And my point with that is: Everything outside of what we see in canon is >us< filling in the blanks, interpreting and basically finishing the characters and the storylines.
If you dislike a character or storyline, a large amount of what you dislike will be of your own making. Which means that you created that negative take, only to be negative about it.
If a character isn’t giving all their background and reasons, or isn’t providing what you find to be a sufficient apology for what you believe is a ‘wrong doing’ then that’s you deciding that their reasons were bad instead of valid. You deciding to go ‘I hate this character bc they didn’t apologize’ instead of going ‘I trust that this character apologized but I hate that we didn’t get to see it’ or even ‘I hate that they wrote this character as not apologizing’.
And like. Just because I love these characters and this show or a certain storyline doesn’t mean I think we can’t be critical of it. And it doesn’t mean I expect everyone else to love anything or everything about it. And mostly with this negativity for negativity’s sake, it just makes me think ‘well people are weird’.

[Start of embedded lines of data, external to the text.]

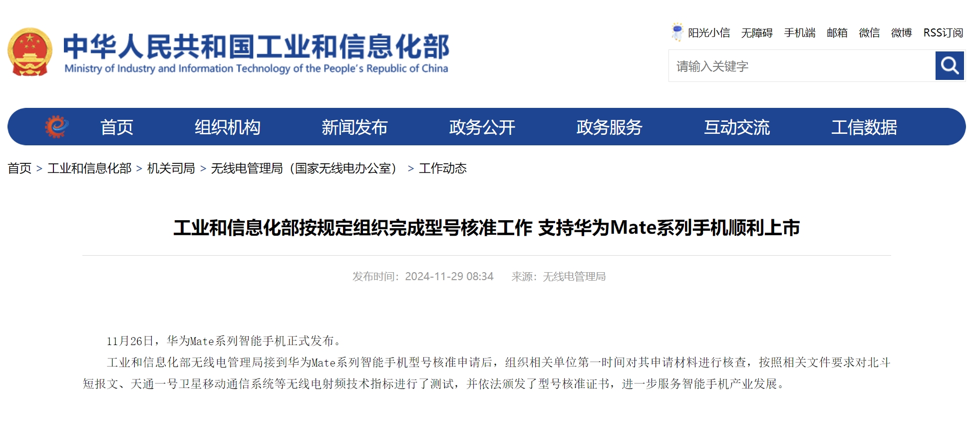 C114讯 11月29日消息(颜翊)今日,工信部发布一则工作动态,称已按规定组织完成型号核准工作,支持华为Mate系列手机顺利上市。
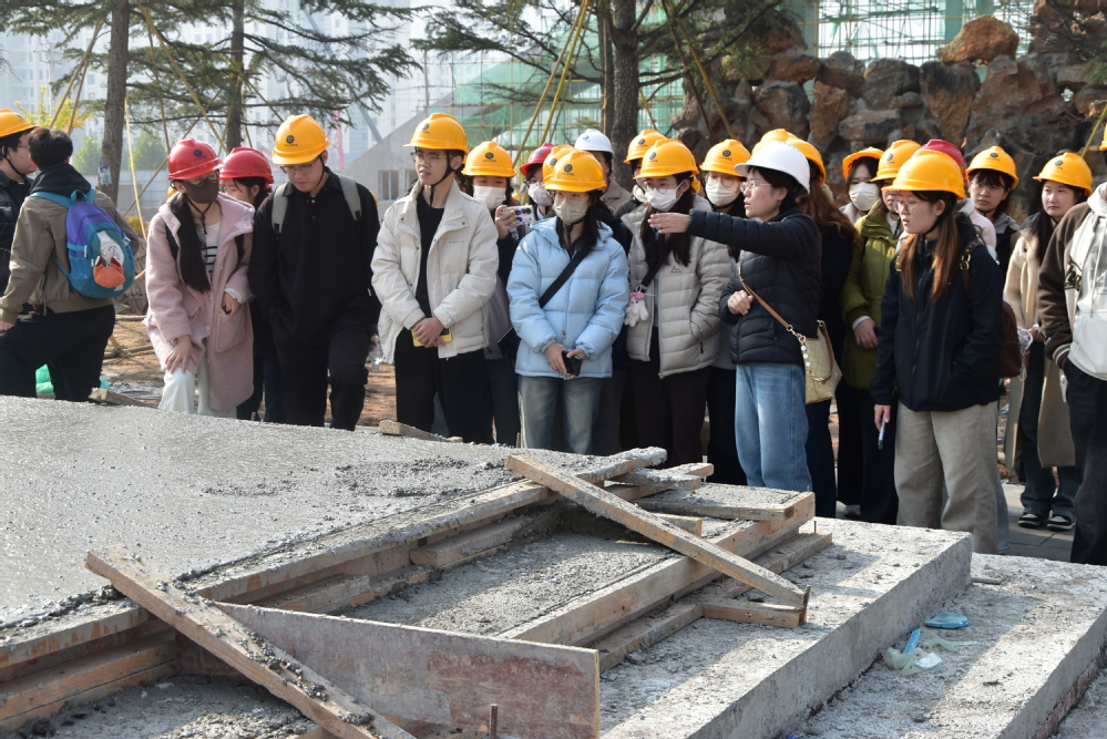在学院专业教师与现场工程师的联合指导下,学生系统学习了钢筋混凝土工程、内外墙抹灰、保温层铺设、饰面砖铺贴以及防水工程的施工方法。同时,实地观摩了钢筋绑扎、模板支护与混凝土浇筑等关键工序。现场工程师围绕混凝土振捣与养护等核心要点进行了详细讲解,使学生对施工质量控制与现场技术管理有了更加具象的理解。
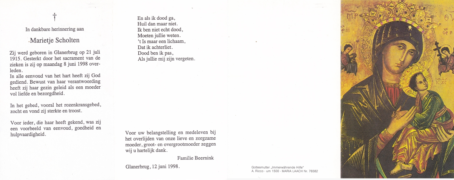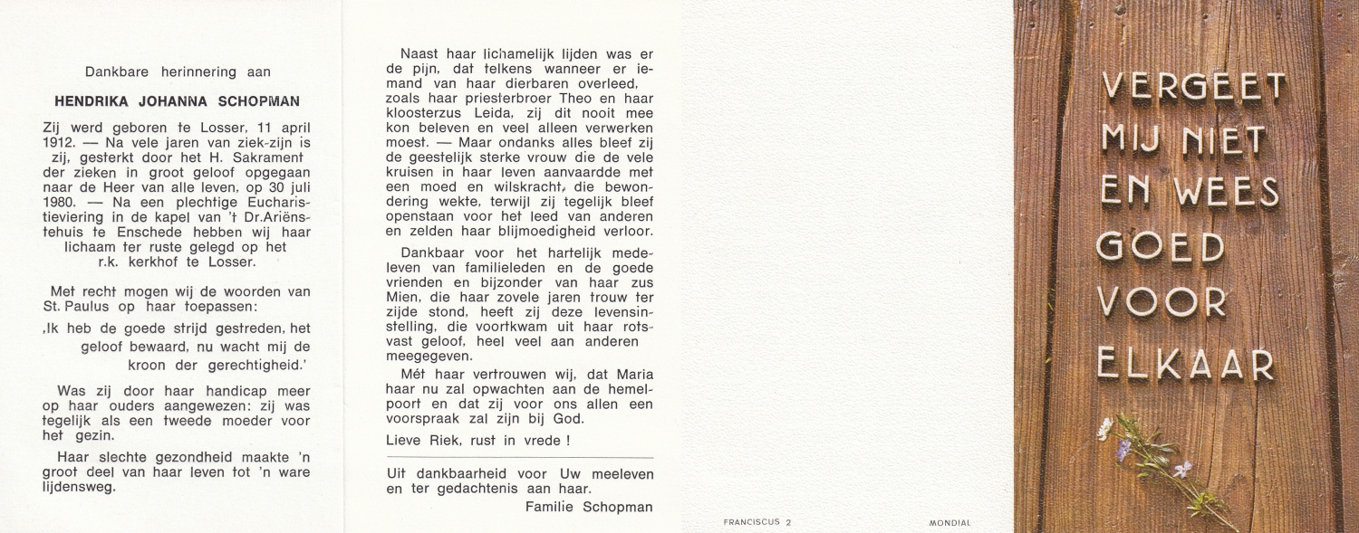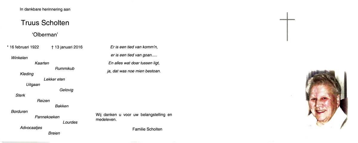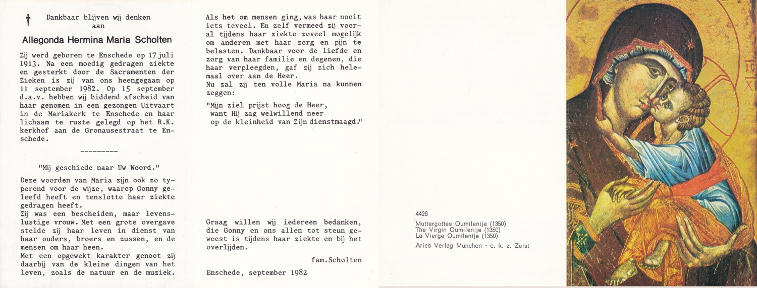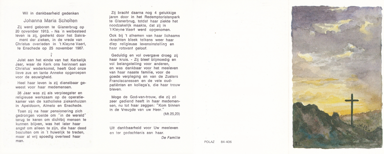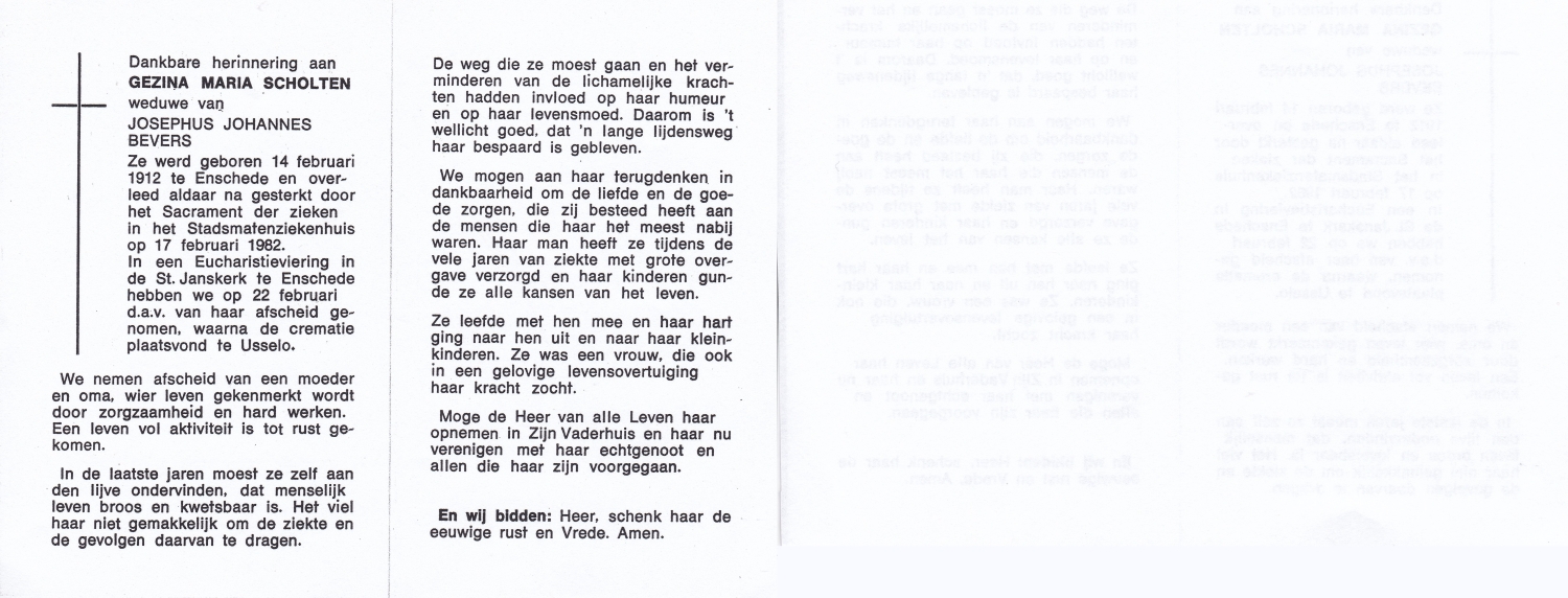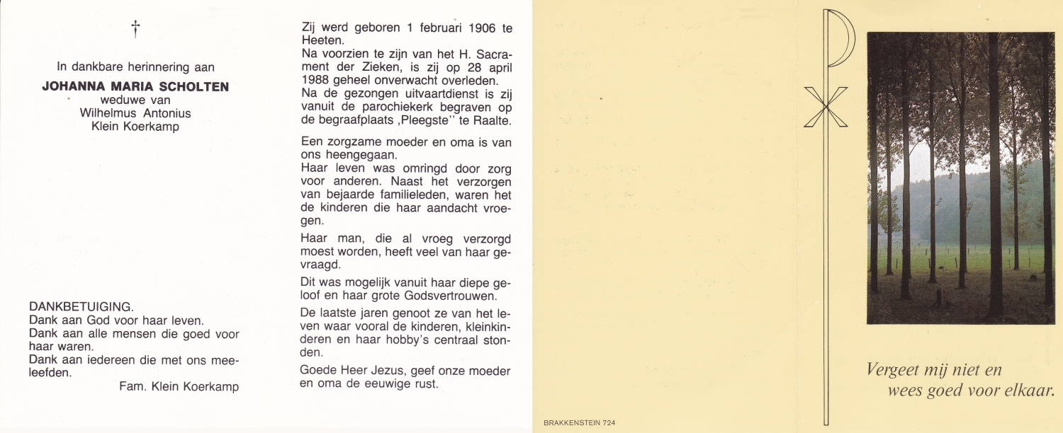 SCHOLTEN, Johanna Maria, geboren op 10-7-1913 te Tilligte, overleden op 13-12-1983 te Ootmarsum op 70-jarige leeftijd, begraven op 16-12-1983 te Ootmarsum.

Because I literally don’t get watching a show you don’t like and then spending time posting about it using that show’s fandom tags, or painting a character in a bad light just so you can feel negative about it. I don’t get going for drama and negativity when you can go for joy. I get criticizing or even hating the writing, talking about writing that might be problematic, and not resonating with the way a storyline or a character is written, but I don’t get hating a Character that is, in fact, not real and can never be fully fleshed out in a show like this.
But the problem is also when these takes either:
1.) are meant for and created to deliberately reach into other people’s place of joy and create drama.
And, even more so, 2.) when they are racist, ableist, misogynistic in nature and thus are doing real harm to real people. Which, is in fact very much the case when TK is called a ‘twink’ and that term is meant as derogatory or his addiction is being used against him; when Carlos isn’t being emphasized with at all, and attempted to be understood for his reasons, feelings and actions, or isn’t allowed to have complicated, ‘negative’ emotions but is expected to be there to be TK’s ever perfect and present support rock; when Iris is being called words like crazy, or other derogatory terms and her illness or trauma isn’t acknowledged, or she’s being painted stereotypically and as an un-nuanced character bc of her mental illness.
And I don’t get it bc we literally see TK being strong for and supporting Carlos several times in canon. We see Carlos developing and working on his insecurities, educating himself on addiction to best be there for TK. We are told where those insecurities come from. We saw TK’s struggles with active addiction. We literally saw Carlos’ dad being shot in his own home wearing the tux he was supposed to wear as Carlos’ best man, just when their relationship and old wounds were on the mend, heard his mother, who watched it happen, scream down the line while on the phone with Carlos, who also heard it happen. We don’t see anybody but Carlos seeking justice, and we still see Carlos making an effort to spend quality time with TK and communicate openly with him. And we saw TK going to bed without his husband not for the first time, knowing that he’s in pain and that grief has previously let him to feel alone and to close up and end up in a dangerous and unhealthy place, where TK couldn’t reach him or help him. We know that there is past trauma and experience for TK that will make him recognize patterns and make him worry for both Carlos’ wellbeing, and for their marrriage.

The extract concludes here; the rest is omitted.